Any engineer or business user can develop ML predictions using point-and-click choices and automatically merge their data to create individual or batch forecasts using the Amazon Sagemaker Canvas.  Due to the excessive demand for cloud-focused talents and the belief that the solution will help with the existing skill-gap issues, Amazon intends to increase the no-code/low-code portfolio. With no-code/low-code, the business also hoped to appeal to non-technical users.

By removing the requirement for users to write any code, AWS hopes to simplify the development of AI using SageMaker Canvas. The industry leader in cloud computing claims that the tool doesn’t also require substantial expertise in machine learning techniques.

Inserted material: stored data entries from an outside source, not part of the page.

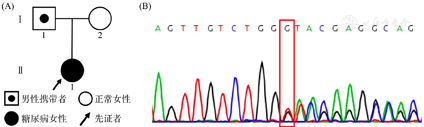 注:(A)患者家系图;(B)GCKR基因c.69delG突变Sanger测序验证结果;GCKR:葡萄糖激酶调节因子;红框所示为突变位点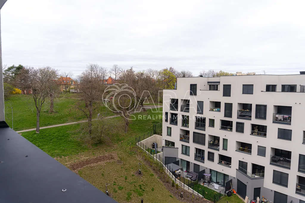 Byt se nachází v 6. nadzemním podlaží novostavby v projektu Byty u parku Na Vackově, přímo u parku Židovské pece. Ve vzdálenosti cca 600 m je tramvajová zastávka Strážní, v blízkosti také zastávka Vozovna Žižkov. V docházkové vzdálenosti se nachází také autobusové zastávky s přímým spojením na stanice metra Florenc a Želivského, stejně jako supermarket Albert a drogerie Rossmann.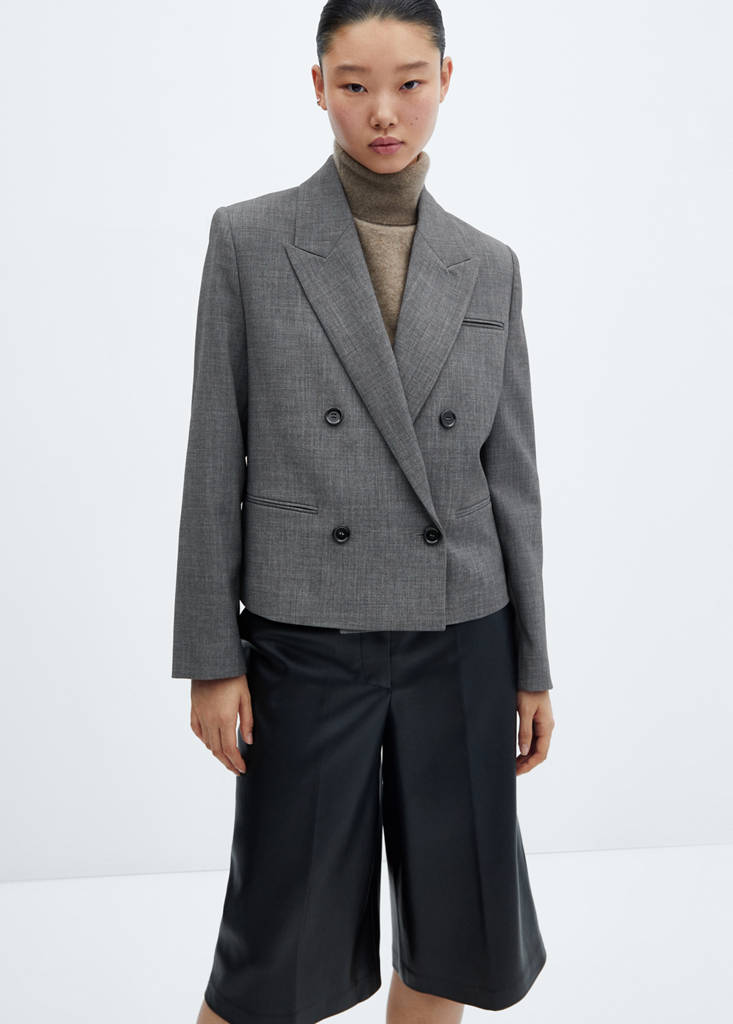 Fließender Stoff. Melierter Stoff. Kurzes Design. Gerades Design. Hemdkragen mit Revers. Lange Ärmel. Brustleistentasche. Zweireihiger Verschluss. Futter. Büro-Looks. Zwei vordere Leistentaschen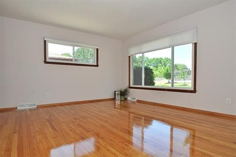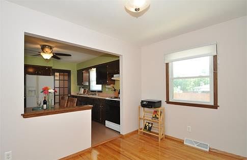 This clean and inviting ranch will have you at hello. Great floor plan flows well and features an updated full and half bath on main (split entry from half bath to master and to back hall). Gleaming hardwood floors in living room, dining room and all three bedrooms. Spacious eat-in kitchen with lots of cabinets and counter space. Appliances included too. Semi-finished basement has rec room, bonus room, laundry room AND workshop. Updates include six panel doors, newer entry doors, vinyl windows, new high efficiency Lenox furnace in 2010, new water heater in 2011 and new roof in 2014. Huge backyard, plus side drive to oversize two and a half car garage, with newer overhead door and electric door opener. HSA one year home warranty included also. A lot of home for less than most are paying in rent!
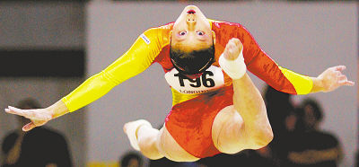 10月17日,2006年体操世锦赛结束了女子团体预赛的争夺,进入全能决赛的选手也随之产生。图为中国的周卓茹在平衡木的比赛中。马特摄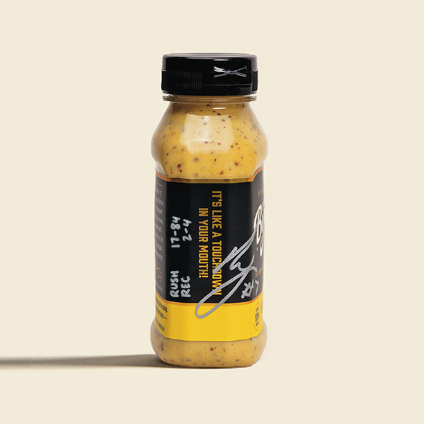 My 2025 Season Week 10 Game Bottle, complete with my stats, my autograph, and the date. Only 1 bottle available. Buy this 1-of-1 mustard-based collector’s item today!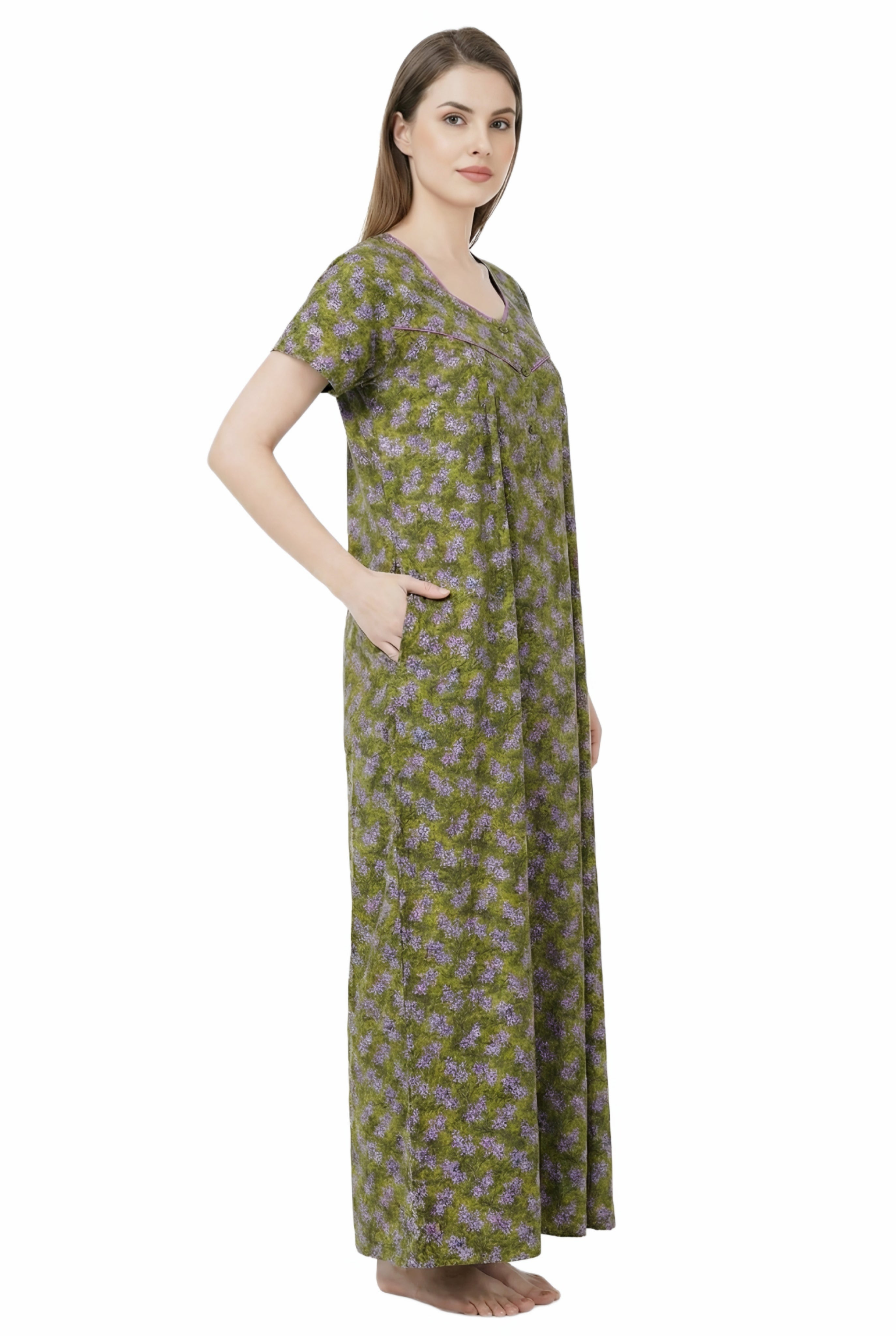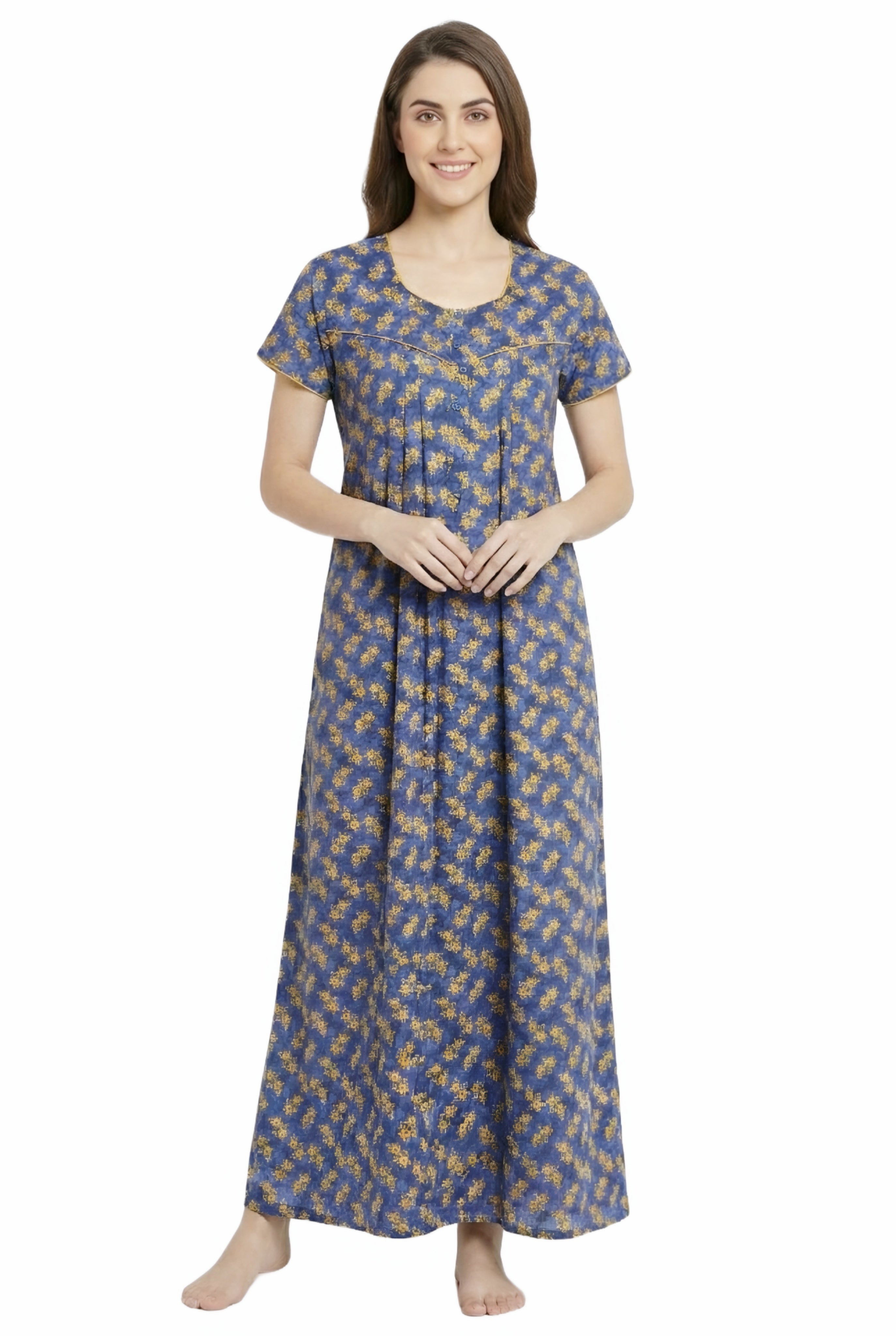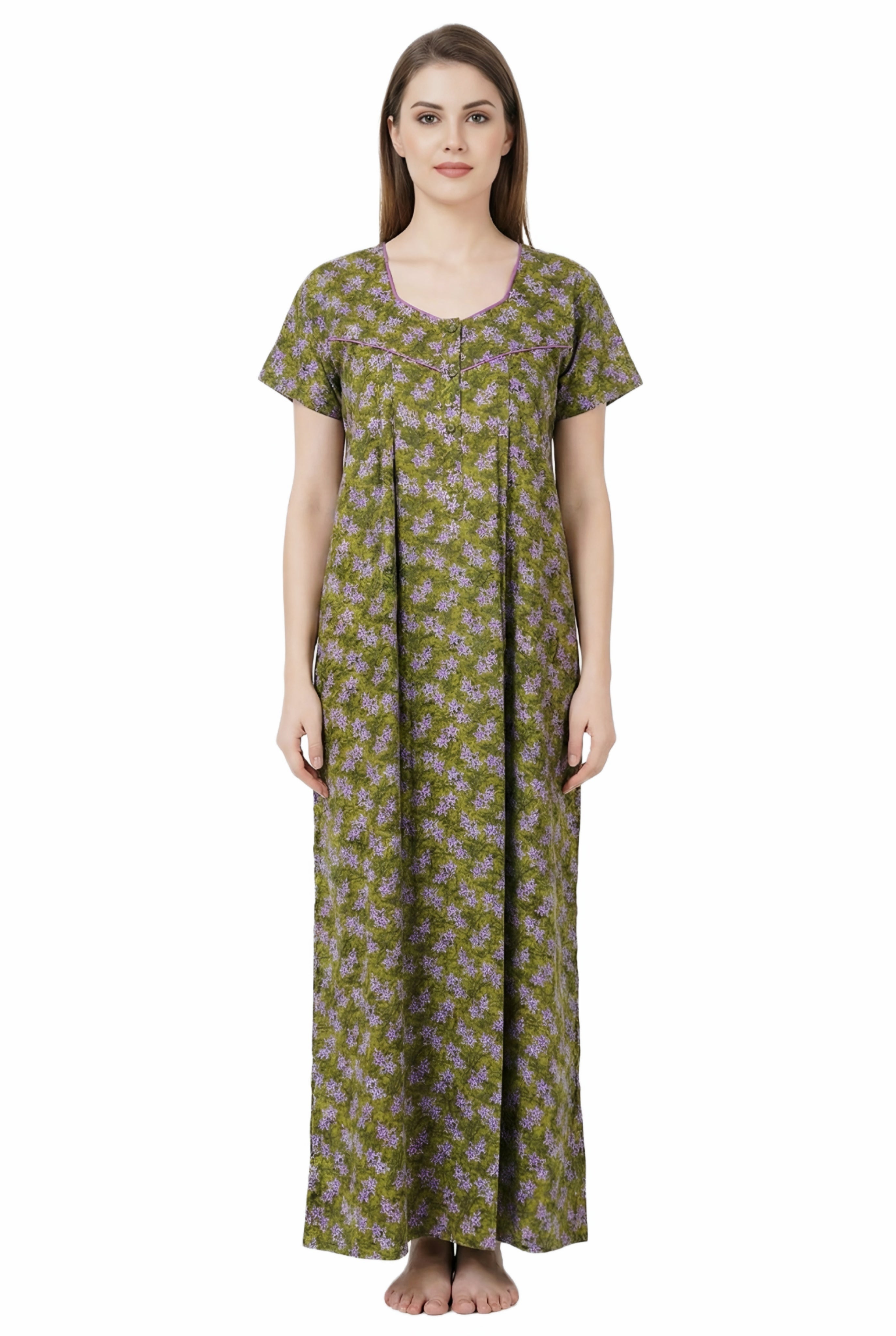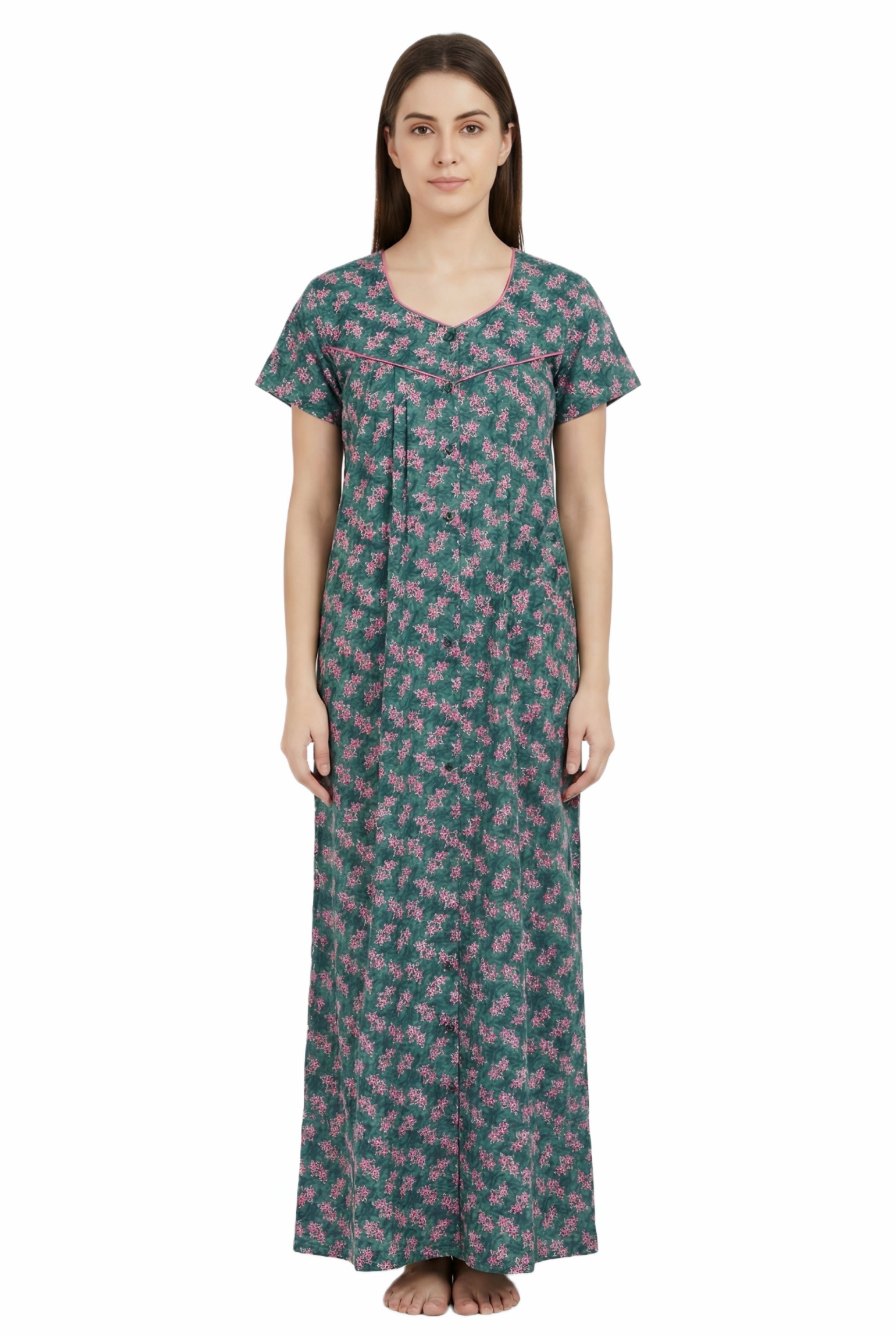 Comfort Women’s Pure Cotton Full-Length Night Gown | Soft Skin-Friendly Fabric | Stylish Front Pleats | Comfortable Daily & Night Wear ( Comfort A13676 GOWN )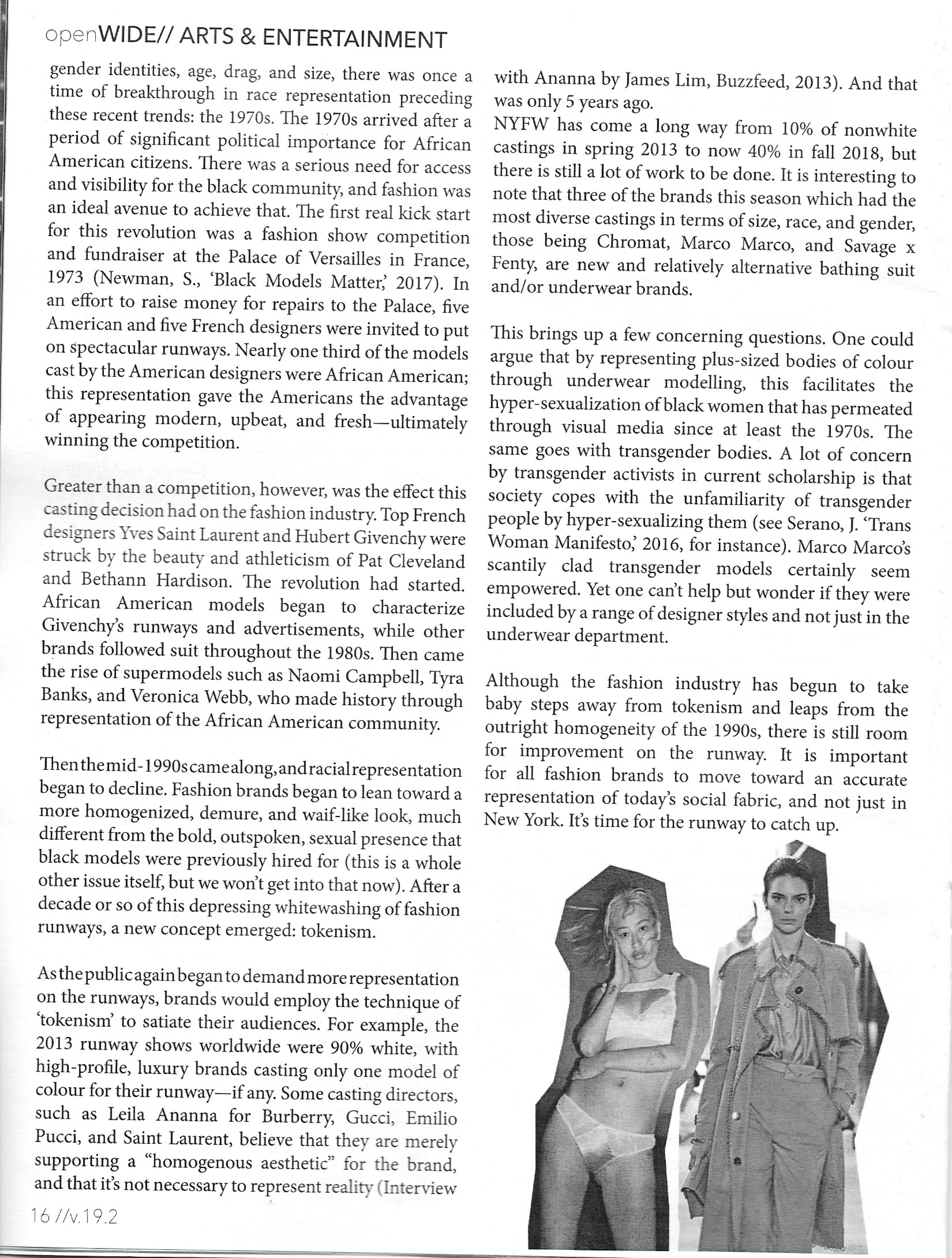 As the public again began to demand more representation on the runways, brands would employ the technique of ‘tokenism’ to satiate their audiences. For example, the 2013 runway shows worldwide were 90% white, with high-profile, luxury brands casting only one model of colour for their runway—if any. Some casting directors, such as Leila Ananna for Burberry, Gucci, Emilio Pucci, and Saint Laurent, believe that they are merely supporting a “homogenous aesthetic” for the brand, and that it’s not necessary to represent reality (Interview with Ananna by James Lim, Buzzfeed, 2013). And that was only 5 years ago.

A SageMaker Canvas user must first supply a training dataset in order to create an AI model. Employees have the option of importing data from their company’s internal systems or uploading the training dataset as a spreadsheet. SageMaker Canvas can access data from Amazon S3 records, on-premises databases, and other cloud sources including the Amazon Redshift data warehouse, and other sources.  Users can choose to combine the many training datasets they import into a single file for their AI applications. Important data preparation processes are automated using SageMaker Canvas. The tool assists in locating problems like empty spreadsheet fields.